DATA SUPPLIED:

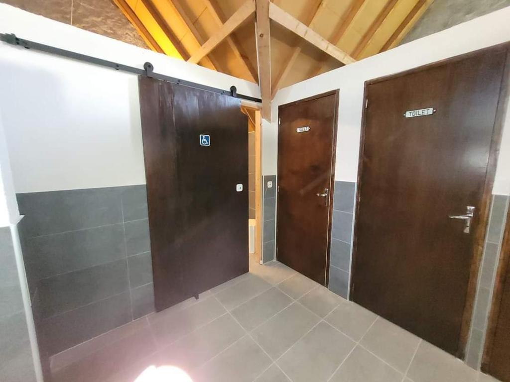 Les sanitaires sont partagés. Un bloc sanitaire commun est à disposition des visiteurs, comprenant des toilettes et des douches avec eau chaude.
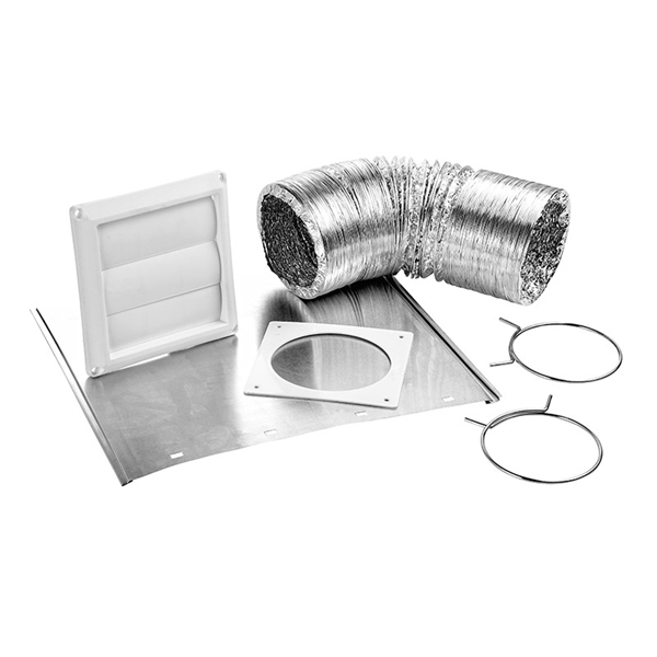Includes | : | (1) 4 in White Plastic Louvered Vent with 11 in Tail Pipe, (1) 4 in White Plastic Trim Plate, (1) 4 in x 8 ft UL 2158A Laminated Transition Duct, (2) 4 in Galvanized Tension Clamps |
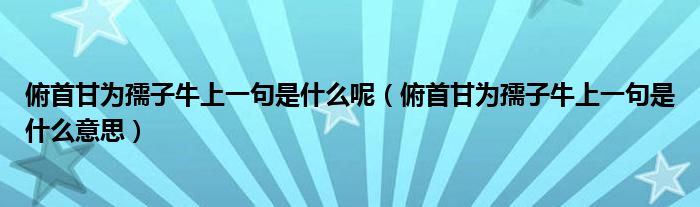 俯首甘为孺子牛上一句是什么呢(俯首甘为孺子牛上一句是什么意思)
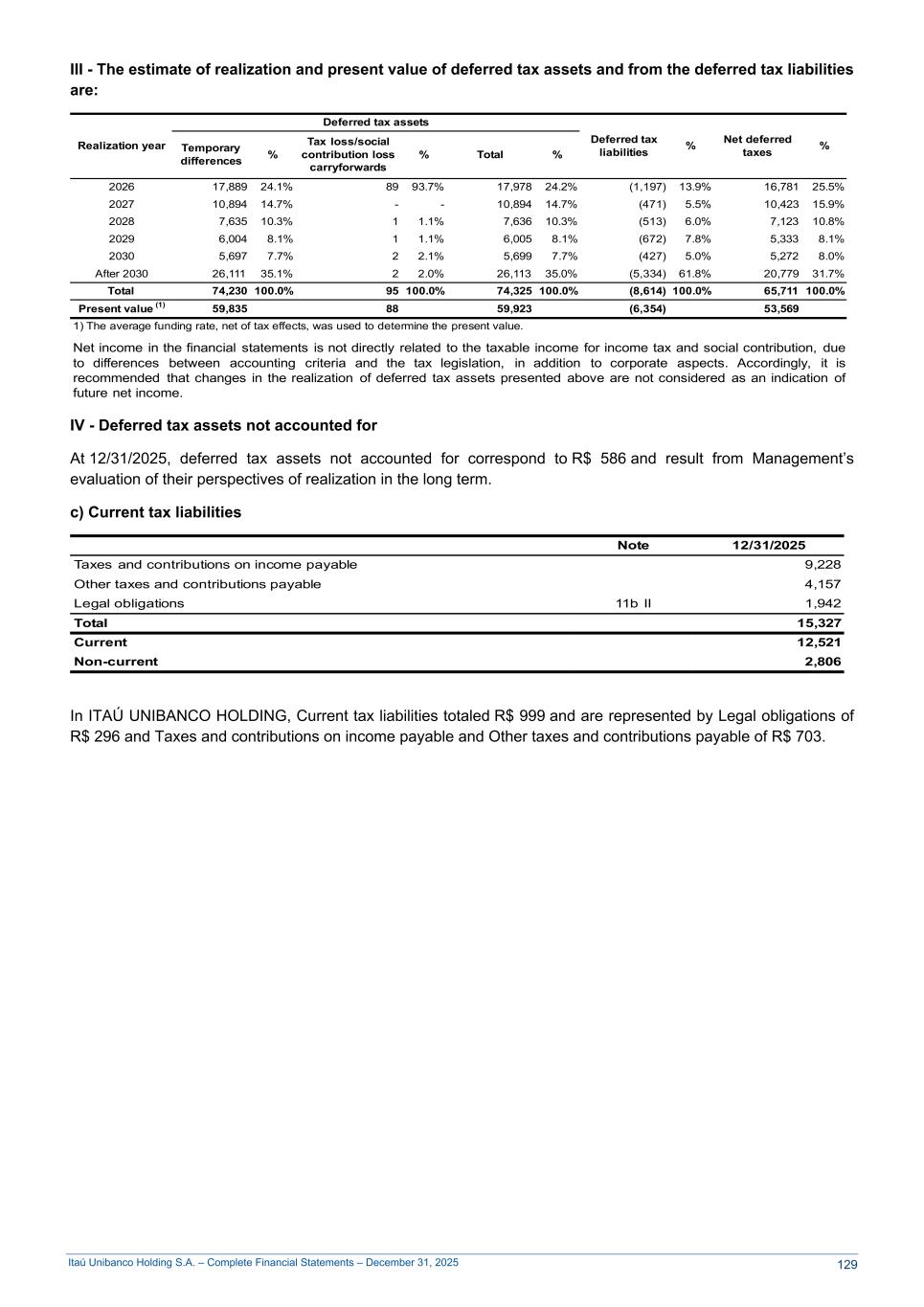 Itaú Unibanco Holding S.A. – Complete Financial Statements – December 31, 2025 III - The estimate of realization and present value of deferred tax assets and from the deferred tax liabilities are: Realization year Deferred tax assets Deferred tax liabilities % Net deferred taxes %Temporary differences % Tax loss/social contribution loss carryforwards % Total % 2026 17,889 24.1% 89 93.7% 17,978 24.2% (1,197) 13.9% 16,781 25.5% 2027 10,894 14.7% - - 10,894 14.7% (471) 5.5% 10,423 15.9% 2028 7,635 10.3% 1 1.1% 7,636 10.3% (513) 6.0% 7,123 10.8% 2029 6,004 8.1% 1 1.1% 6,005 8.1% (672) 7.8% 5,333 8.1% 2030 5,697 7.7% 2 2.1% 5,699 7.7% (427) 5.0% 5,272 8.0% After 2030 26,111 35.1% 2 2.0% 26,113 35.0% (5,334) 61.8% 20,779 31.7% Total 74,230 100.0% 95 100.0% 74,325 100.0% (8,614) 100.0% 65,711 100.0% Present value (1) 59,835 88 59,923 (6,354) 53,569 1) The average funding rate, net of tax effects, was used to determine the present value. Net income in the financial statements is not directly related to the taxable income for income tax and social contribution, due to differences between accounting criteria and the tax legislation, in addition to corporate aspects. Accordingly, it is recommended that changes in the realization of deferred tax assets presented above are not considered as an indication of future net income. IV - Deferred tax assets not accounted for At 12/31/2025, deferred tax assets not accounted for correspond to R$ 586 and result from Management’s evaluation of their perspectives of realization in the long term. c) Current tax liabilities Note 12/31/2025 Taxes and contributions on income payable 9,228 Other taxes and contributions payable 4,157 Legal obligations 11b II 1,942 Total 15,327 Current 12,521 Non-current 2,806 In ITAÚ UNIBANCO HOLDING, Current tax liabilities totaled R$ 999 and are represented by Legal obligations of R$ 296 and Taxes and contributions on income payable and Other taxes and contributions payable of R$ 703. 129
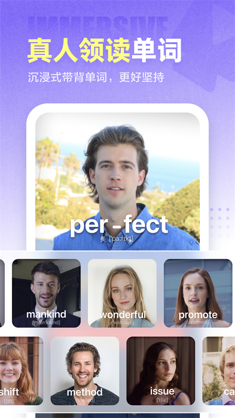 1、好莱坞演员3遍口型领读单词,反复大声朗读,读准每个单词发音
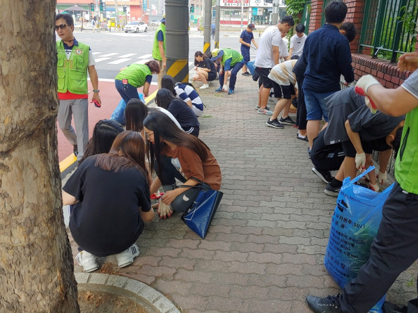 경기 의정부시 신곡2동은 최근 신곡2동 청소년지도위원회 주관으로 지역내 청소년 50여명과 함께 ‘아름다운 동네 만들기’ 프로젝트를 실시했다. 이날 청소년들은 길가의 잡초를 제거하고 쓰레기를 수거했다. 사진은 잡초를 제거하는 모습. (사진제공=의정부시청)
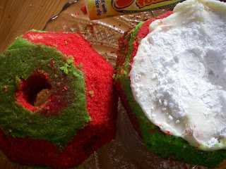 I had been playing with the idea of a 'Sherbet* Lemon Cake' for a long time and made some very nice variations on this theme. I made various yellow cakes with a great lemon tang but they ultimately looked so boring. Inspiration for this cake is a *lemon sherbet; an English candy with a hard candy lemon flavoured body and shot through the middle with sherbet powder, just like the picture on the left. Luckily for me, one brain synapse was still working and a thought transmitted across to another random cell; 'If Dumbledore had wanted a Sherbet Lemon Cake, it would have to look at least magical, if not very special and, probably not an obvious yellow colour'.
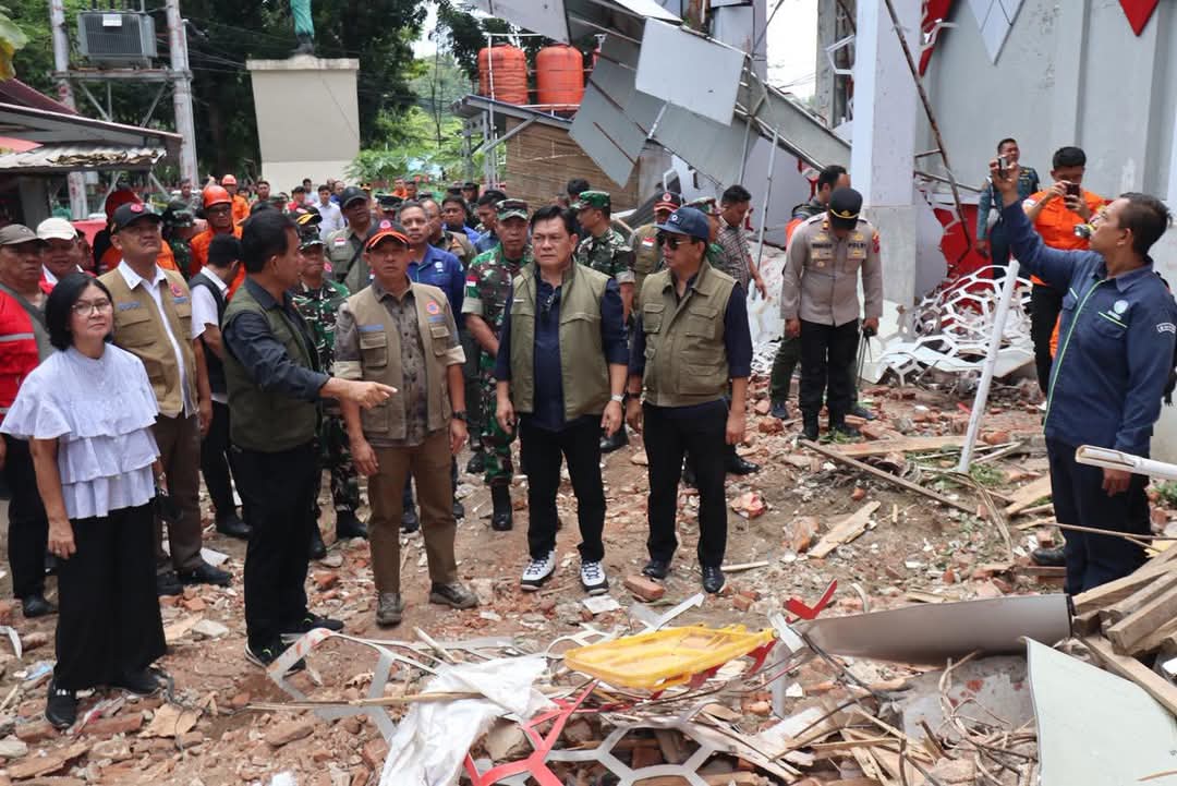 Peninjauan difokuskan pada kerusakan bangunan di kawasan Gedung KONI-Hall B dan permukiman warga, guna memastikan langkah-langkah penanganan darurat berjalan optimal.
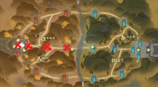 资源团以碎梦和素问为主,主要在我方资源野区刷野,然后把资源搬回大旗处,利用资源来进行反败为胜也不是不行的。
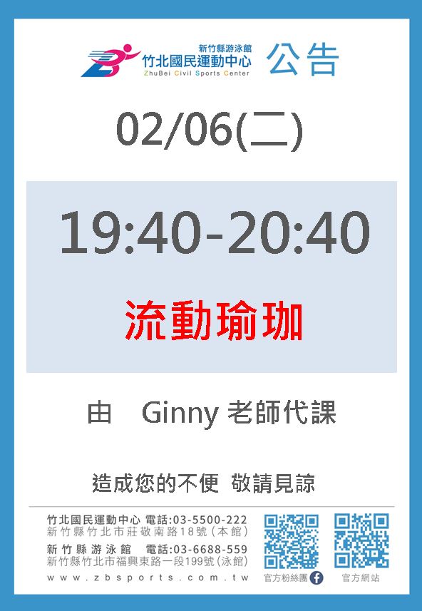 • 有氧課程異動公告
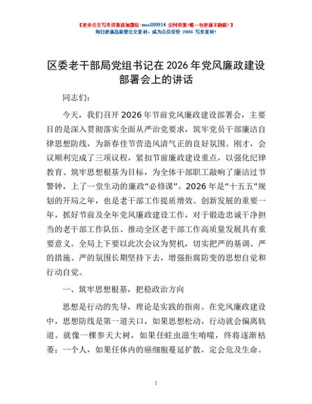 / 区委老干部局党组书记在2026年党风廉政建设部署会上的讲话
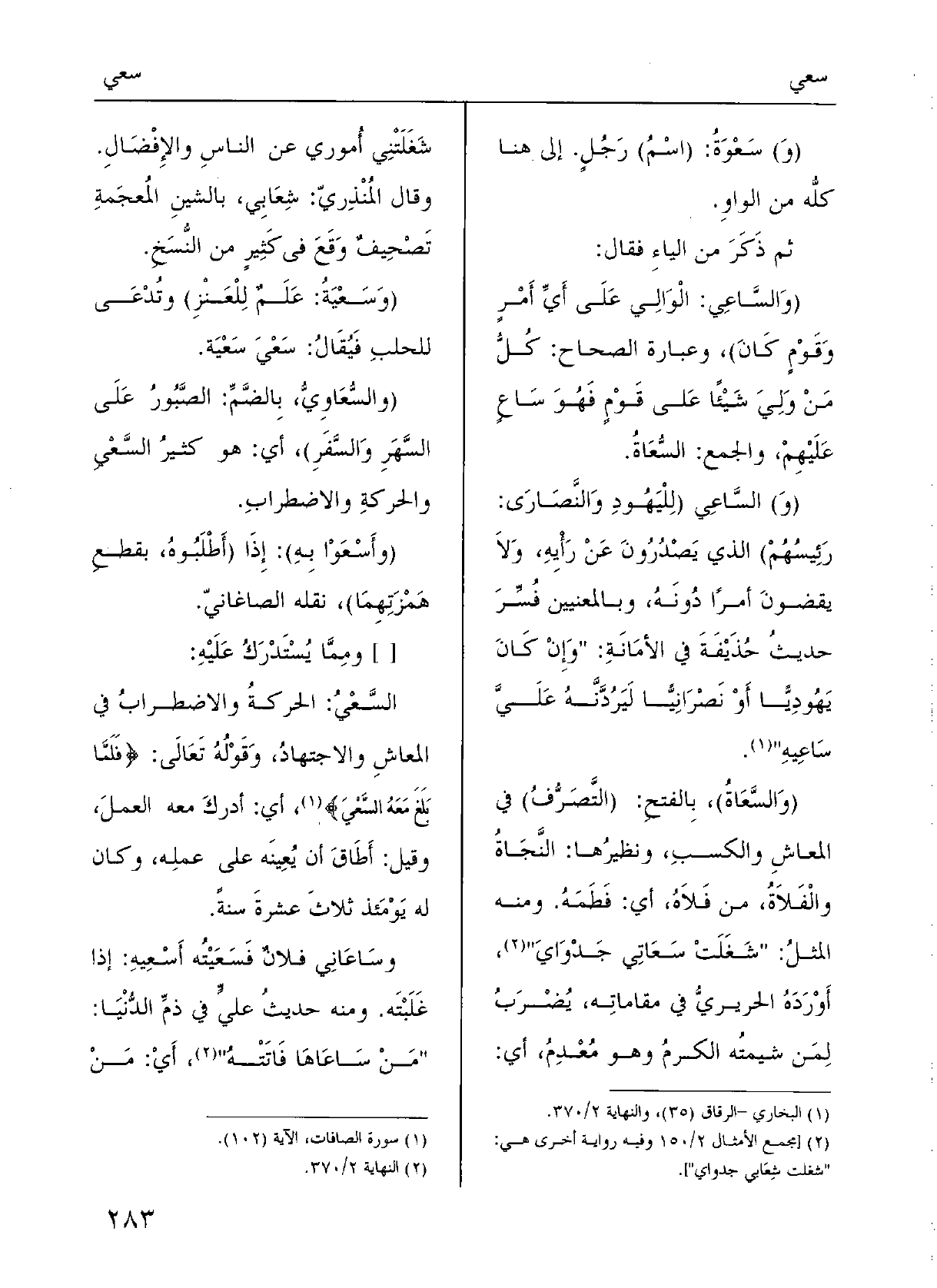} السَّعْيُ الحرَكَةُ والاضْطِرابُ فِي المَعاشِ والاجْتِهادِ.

WHAT TO DO:
Each record above, in full: return it exactly, pictures excluded.

ANSWER TO THIS TASK:
 Les sanitaires sont partagés. Un bloc sanitaire commun est à disposition des visiteurs, comprenant des toilettes et des douches avec eau chaude.
Includes | : | (1) 4 in White Plastic Louvered Vent with 11 in Tail Pipe, (1) 4 in White Plastic Trim Plate, (1) 4 in x 8 ft UL 2158A Laminated Transition Duct, (2) 4 in Galvanized Tension Clamps |
 俯首甘为孺子牛上一句是什么呢(俯首甘为孺子牛上一句是什么意思)
 Itaú Unibanco Holding S.A. – Complete Financial Statements – December 31, 2025 III - The estimate of realization and present value of deferred tax assets and from the deferred tax liabilities are: Realization year Deferred tax assets Deferred tax liabilities % Net deferred taxes %Temporary differences % Tax loss/social contribution loss carryforwards % Total % 2026 17,889 24.1% 89 93.7% 17,978 24.2% (1,197) 13.9% 16,781 25.5% 2027 10,894 14.7% - - 10,894 14.7% (471) 5.5% 10,423 15.9% 2028 7,635 10.3% 1 1.1% 7,636 10.3% (513) 6.0% 7,123 10.8% 2029 6,004 8.1% 1 1.1% 6,005 8.1% (672) 7.8% 5,333 8.1% 2030 5,697 7.7% 2 2.1% 5,699 7.7% (427) 5.0% 5,272 8.0% After 2030 26,111 35.1% 2 2.0% 26,113 35.0% (5,334) 61.8% 20,779 31.7% Total 74,230 100.0% 95 100.0% 74,325 100.0% (8,614) 100.0% 65,711 100.0% Present value (1) 59,835 88 59,923 (6,354) 53,569 1) The average funding rate, net of tax effects, was used to determine the present value. Net income in the financial statements is not directly related to the taxable income for income tax and social contribution, due to differences between accounting criteria and the tax legislation, in addition to corporate aspects. Accordingly, it is recommended that changes in the realization of deferred tax assets presented above are not considered as an indication of future net income. IV - Deferred tax assets not accounted for At 12/31/2025, deferred tax assets not accounted for correspond to R$ 586 and result from Management’s evaluation of their perspectives of realization in the long term. c) Current tax liabilities Note 12/31/2025 Taxes and contributions on income payable 9,228 Other taxes and contributions payable 4,157 Legal obligations 11b II 1,942 Total 15,327 Current 12,521 Non-current 2,806 In ITAÚ UNIBANCO HOLDING, Current tax liabilities totaled R$ 999 and are represented by Legal obligations of R$ 296 and Taxes and contributions on income payable and Other taxes and contributions payable of R$ 703. 129
 1、好莱坞演员3遍口型领读单词,反复大声朗读,读准每个单词发音
 경기 의정부시 신곡2동은 최근 신곡2동 청소년지도위원회 주관으로 지역내 청소년 50여명과 함께 ‘아름다운 동네 만들기’ 프로젝트를 실시했다. 이날 청소년들은 길가의 잡초를 제거하고 쓰레기를 수거했다. 사진은 잡초를 제거하는 모습. (사진제공=의정부시청)
 I had been playing with the idea of a 'Sherbet* Lemon Cake' for a long time and made some very nice variations on this theme. I made various yellow cakes with a great lemon tang but they ultimately looked so boring. Inspiration for this cake is a *lemon sherbet; an English candy with a hard candy lemon flavoured body and shot through the middle with sherbet powder, just like the picture on the left. Luckily for me, one brain synapse was still working and a thought transmitted across to another random cell; 'If Dumbledore had wanted a Sherbet Lemon Cake, it would have to look at least magical, if not very special and, probably not an obvious yellow colour'.
 Peninjauan difokuskan pada kerusakan bangunan di kawasan Gedung KONI-Hall B dan permukiman warga, guna memastikan langkah-langkah penanganan darurat berjalan optimal.
 资源团以碎梦和素问为主,主要在我方资源野区刷野,然后把资源搬回大旗处,利用资源来进行反败为胜也不是不行的。
 • 有氧課程異動公告
 / 区委老干部局党组书记在2026年党风廉政建设部署会上的讲话
} السَّعْيُ الحرَكَةُ والاضْطِرابُ فِي المَعاشِ والاجْتِهادِ.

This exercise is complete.